And in any event, equating geography with the memorization of such "factual" trivia as state capitals is worse than boring. It can be quite dangerous, as it distracts us from the new geographies that are constantly under construction and contestation, from the massive real-estate speculation in Harlem and SoBro to the violence of the Israel-Lebanon borderlands to the death-ridden towns and cities across central Iraq, from the resurgence of gentrification in Chicago's South Side to Vancouver's Downtown Eastside. Geographies are always in the processing of becoming, of being made, interpreted, understood, and experienced -- for good or ill. Geography is no more about the memorization of state capitals than history is the memorization of dates. Except, that, is, in that bastion of Republican commitment to Enlightmentment principles, the Great State of Florida. Not long ago, then-Governor Jeb Bush signed into law an education bill declaring, among other things, that "American history shall be viewed as factual, not constructed," and this purported factuality will henceforth be "knowable, teachable, and testable." Among the specific "facts" to be imparted to schoolchildren are "the nature and importance of free enterprise to the United States economy," while elsewhere the law explicitly prohibits interpretation. As the journalism professor Robert Jensen points out,
"...it's a fact that Europeans began coming in significant numbers to North America in the seventeenth century. Were they peaceful settlers or aggressive invaders? ... It's also a fact that once those Europeans came, the indigenous people died in large numbers. Was that an act of genocide? ... In contemporary history, has U.S. intervention in the Middle East been aimed at supporting democracy or controlling the region's crucial energy resources? Would anyone in a free society want students to be taught that there is only one way to construct an answer to that question?

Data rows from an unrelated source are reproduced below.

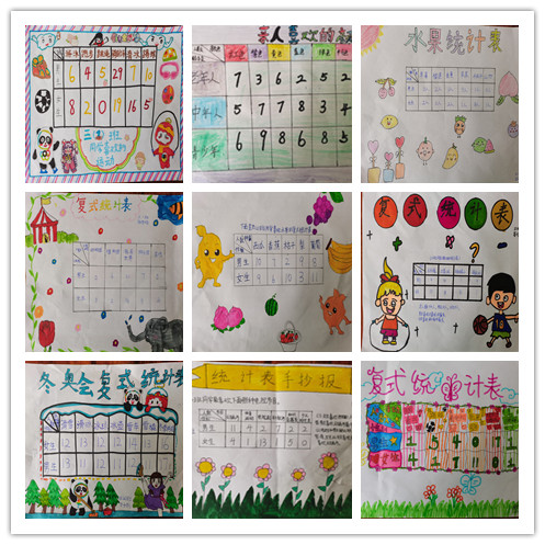 斐斯泰洛齊說過:“教學(xué)的主要任務(wù)不是積累知識,而是發(fā)展思維。學(xué)生的學(xué)習應(yīng)當是一個生動活潑的、主動的和富有個性的過程。”因此我們?nèi)昙墧?shù)學(xué)組的老師們在《復(fù)式統(tǒng)計表》這一單元學(xué)習結(jié)束后,帶領(lǐng)同學(xué)們開展了設(shè)計創(chuàng)意統(tǒng)計表的活動。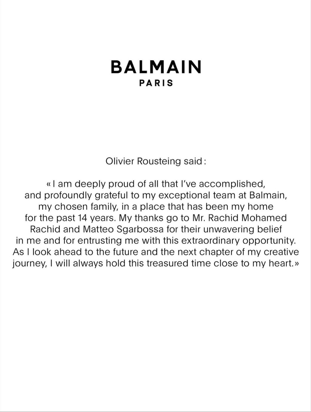 كما قال ماتيو سغاربوسا، الرئيس التنفيذي لدار بالمان: “أود أن أعبّر عن بالغ امتناني لأوليفييه على كتابته فصلاً مهماً في تاريخ الدار. إن مساهماته وشغفه عبر السنوات ستبقى علامة لا تُمحى في تاريخ الموضة”.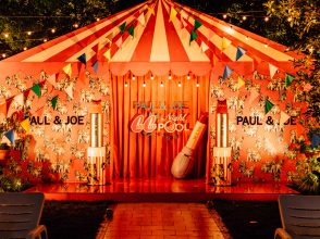 おかげ様で、連日大好評の今年のテーマは「ナイトサーカス」。サーカス小屋をイメージしたフォトスポットの前で、今季の最新水着事情もわかっちゃうスナップをしてきました!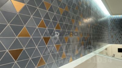 * акцентная стена с мозаикой и подсветкой — стильно и оригинально;

...the law represents a yearning one can find across the United States. Americans look out at a wider world in which more and more people reject the idea of the United States as always right, always better, always moral. As the gap between how Americans see themselves and how the world sees us grows, the instinct for many is to eliminate intellectual challenges at home: 'We can't control what the rest of the world thinks, but we can make sure our kids aren't exposed to such nonsense.'"
[Robert Jensen (2006). "Florida's Fear of History: New Law Undermines Critical Thinking." Common Dreams, July 17.]
So I'm glad to be teaching, learning, and doing geography on this side of the border. The world here is is still round. Even so, it's still important to rehearse those sound-byte responses to explain what geographers do. As Graeme Wynn narrates the encounter:
"An exchange (partly imagined) at the Douglas (Peace Arch) Border crossing, 6 March 2008:
'Where you heading?'
To a conference, in Bellingham.
'What sort of a conference?'
An academic conference -- for geographers.
'You a geographer?'
Yes.
'Where is Damascus?'
[Duly answered correctly (after rejecting
the possibility, fleetingly entertained,
of responding, 'I'm not sure, I'm still looking
for the road there.')].
'Who's organizing this conference?'
The Western Division of the Canadian
Association of Geographers.
'Why are Canadian Geographers meeting in the United States?'
Now that's a good question. How to explain..."
[Graeme Wynn (2008). "Geographers Go South." Geog@UBC 3(7), March,
p. 1. Vancouver: Department of Geography, University of British Columbia.]